DIRECTIONS:
Retype, exactly as they stand, the lines from the start of the data to the line that contains "夕方には利用者さんがモップ掛けを手伝ってくれました!", both ends included. Leave the pictures out.

········

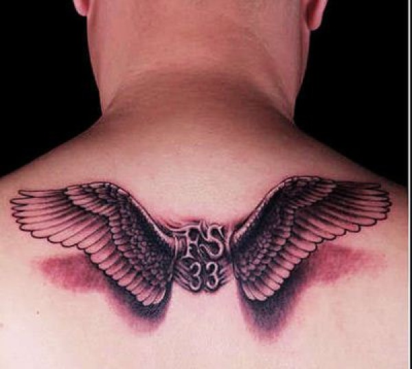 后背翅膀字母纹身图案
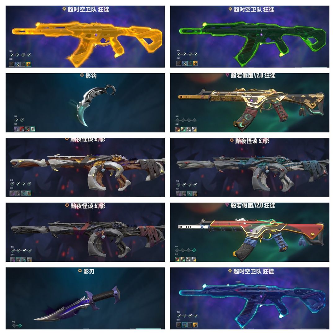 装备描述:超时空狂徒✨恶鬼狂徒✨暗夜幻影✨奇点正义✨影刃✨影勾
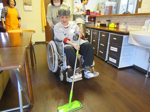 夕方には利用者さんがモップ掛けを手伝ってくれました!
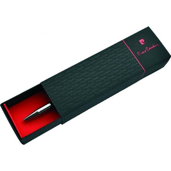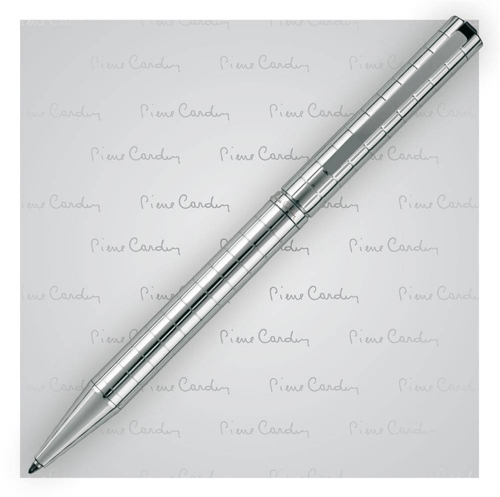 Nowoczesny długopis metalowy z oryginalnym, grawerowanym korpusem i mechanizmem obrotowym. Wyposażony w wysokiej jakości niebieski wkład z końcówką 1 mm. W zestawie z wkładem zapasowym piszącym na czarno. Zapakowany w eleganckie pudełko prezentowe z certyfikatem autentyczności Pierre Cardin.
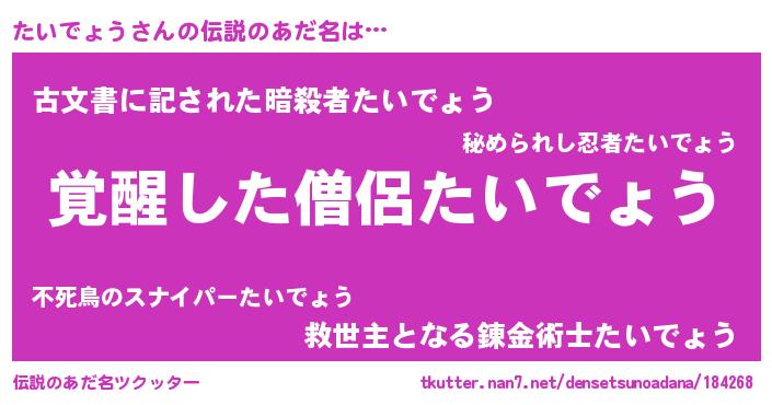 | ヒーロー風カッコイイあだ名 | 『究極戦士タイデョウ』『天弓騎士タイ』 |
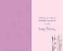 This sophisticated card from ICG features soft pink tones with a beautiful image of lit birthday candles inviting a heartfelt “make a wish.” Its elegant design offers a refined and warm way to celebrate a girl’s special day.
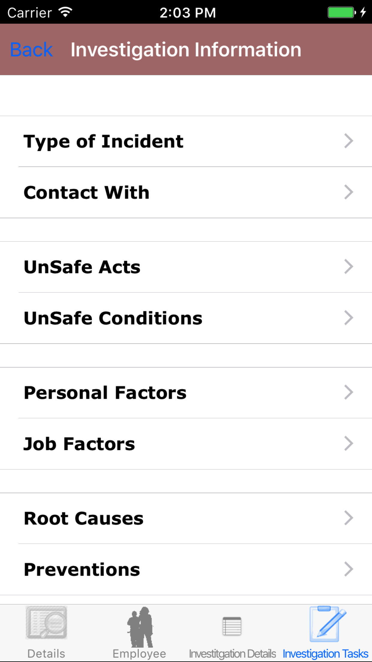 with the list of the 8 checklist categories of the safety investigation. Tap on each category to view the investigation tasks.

········

EXPECTED OUTPUT:
 后背翅膀字母纹身图案
 装备描述:超时空狂徒✨恶鬼狂徒✨暗夜幻影✨奇点正义✨影刃✨影勾
 夕方には利用者さんがモップ掛けを手伝ってくれました!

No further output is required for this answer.